Full Life Cycle of NLP Models

What is NLP?

Natural Language Processing (NLP) is a part of computer science and artificial intelligence (AI), which gives the machines the ability to read, understand and derive the meaning from human language. This ability of machines facilitates many services which we use in our daily life maybe without noticing. When you type half of the word while chatting, nowadays all smart phones can complete your words before you finish it. There is an automatic grammar corrector in most email providers as well. All these tools have an NLP algorithm behind the scenes.

If you have a business use-case where you need to build an NLP model, how would you start and end the lifecycle of the model?

Let’s address first a business use case in which we use NLP at the People Analytics Team of ING. We apply NLP algorithms on survey data to get insights from employee feedback more efficiently. The challenge to deal with in this use case is evaluating unstructured text feedback in the most efficient way. Having an automatized evaluation system with NLP models that assigns topic and sentiment of the feedback is considered as the solution to this challenge.

Business Use Case: Getting insights from employees continuously — *Figure 1: The business use case: Getting insights from the employees continuously*

To achieve this aim, we have built a topic and sentiment model separately by using NLP. In this article, I would like to give you a general sense about all stages of the full life cycle of models and main takeaways from what we experienced during our journey. We consider 4 main stages of the full life cycle to build and maintain topic and sentiment models: development, validation, deployment and monitoring of the models.

Model Ethics — Figure 2: Full lifecycle of models

1. Development of the models

Development stage is the first focus and probably the most time-consuming stage.

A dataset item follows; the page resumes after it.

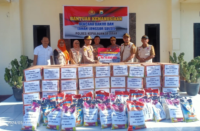 “ Dengan mengucapkan Bismillahirrahmanirrahim, Saya atas nama Polres Kepulauan Selayar menyerahkan bantuan kemanusiaan untuk saudara-saudara kita, para korban bencana banjir dan tanah longsor Sulsel, untuk dikirim ke sasaran, semoga dapat meringankan beban dari musibah ini” kata Kapolres AKBP. Ujang Darmawan HS.

It starts with the designing and developing the modelling steps which include data, methodology and performance metrics by considering the limitations.

To give a more solid explanation, let’s focus on our sentiment model and how we develop it.

Data: We have unstructured text data with some irrelevant or sensitive info (e.g., emails, corporate keys) in multiple languages. We cleaned the text data first, then applied a translation step to have all comments in English.

Limitation: Inability to use the best performing online translation APIs due to security reasons.

Solution: Using offline translation package which performs sufficiently on selection of languages.

Methodology: There are supervised, semi-supervised and unsupervised approaches you can use to predict the sentiment of text data. We started with an unsupervised method since we didn’t have annotated data and observed that it is not performing very well. This made us launch annotation rounds to label a small number of feedback manually.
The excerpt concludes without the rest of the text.